Under the Family Medical Leave Act (FMLA), a parent is entitled to take
FMLA leave for the birth or care of a newborn child. An interesting twist
on this issue was recently addressed by the Eleventh Circuit Court of
Appeals (the federal appeals court with jurisdiction over the federal
district courts of Florida, Georgia and Alabama) in Martin v. Brevard
County Public Schools: whether a grandparent who is the primary caregiver
of his grandchild is eligible for FMLA leave. In a terrific decision,
the Eleventh Circuit decided in favor of the grandparent.
In the case, the employee had several children who lived with him, one
of whom gave birth to a baby while the employee worked for a public school
district. The newborn came to live with the employee and the employee
provided substantial financial support to the child; the child’s
biological father did not live with the child. When the baby’s mother
was called up for military service, the employee applied for FMLA leave
to care for the newborn, claiming that he stood “in loco parentis”
(in the place of the parent) and that he was needed to care for the baby.
Although the employer initially approved the FMLA leave, it terminated
the employee before his 12-week leave was exhausted.

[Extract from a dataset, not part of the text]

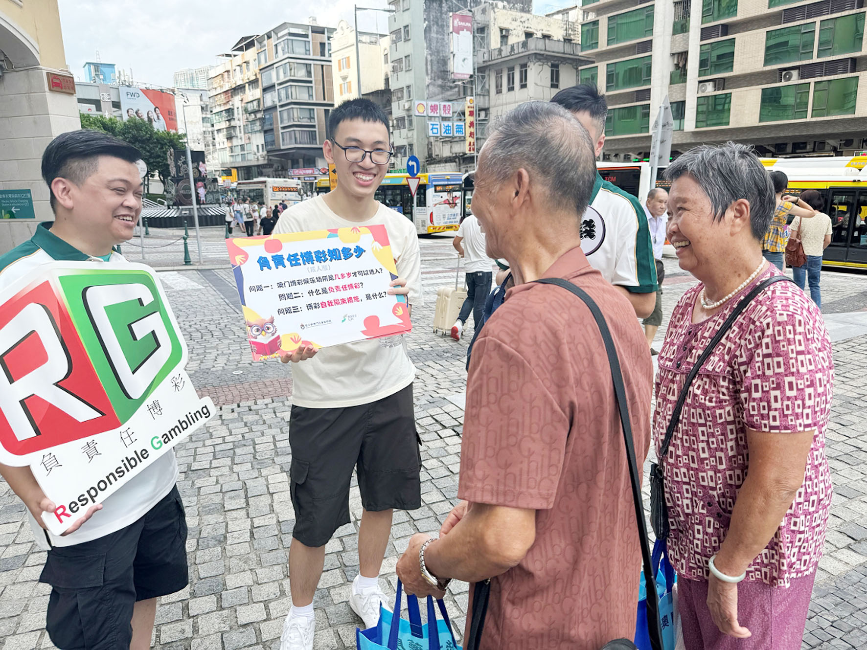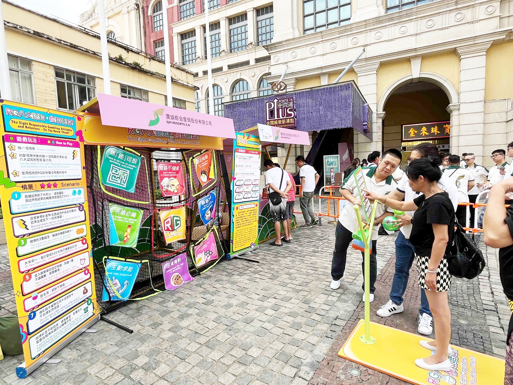 此外,澳娛綜合與聖公會澳門社會服務處合作,在十六浦和新馬路片區周邊人行道舉辦「負責任博彩社區快閃活動」,沿途與市民及遊客進行互動遊戲;派發負責任博彩資訊卡,宣揚健康理財和適度耍樂的重要性;介紹為受賭博失調困擾人士而設的初步評估及轉介服務和預約資訊,讓他們可在有需要時尋求專業協助。

Also, the mother
of the baby never actually left for military service, but the employee
continued to care for and provide for the newborn.
In response to the employee’s FMLA action, the employer argued that
the employee did not stand in loco parentis, and the district court granted
the employer’s motion for summary judgment. On the employee’s
appeal, the Eleventh Circuit reversed, holding that because the employee
provided substantial care and financial assistance to the newborn, the
fact that the newborn’s mother was still in the employee’s
home and provided care to the baby, did not change the fact that the employee
was, for all practical purposes, acting as a parent of the newborn.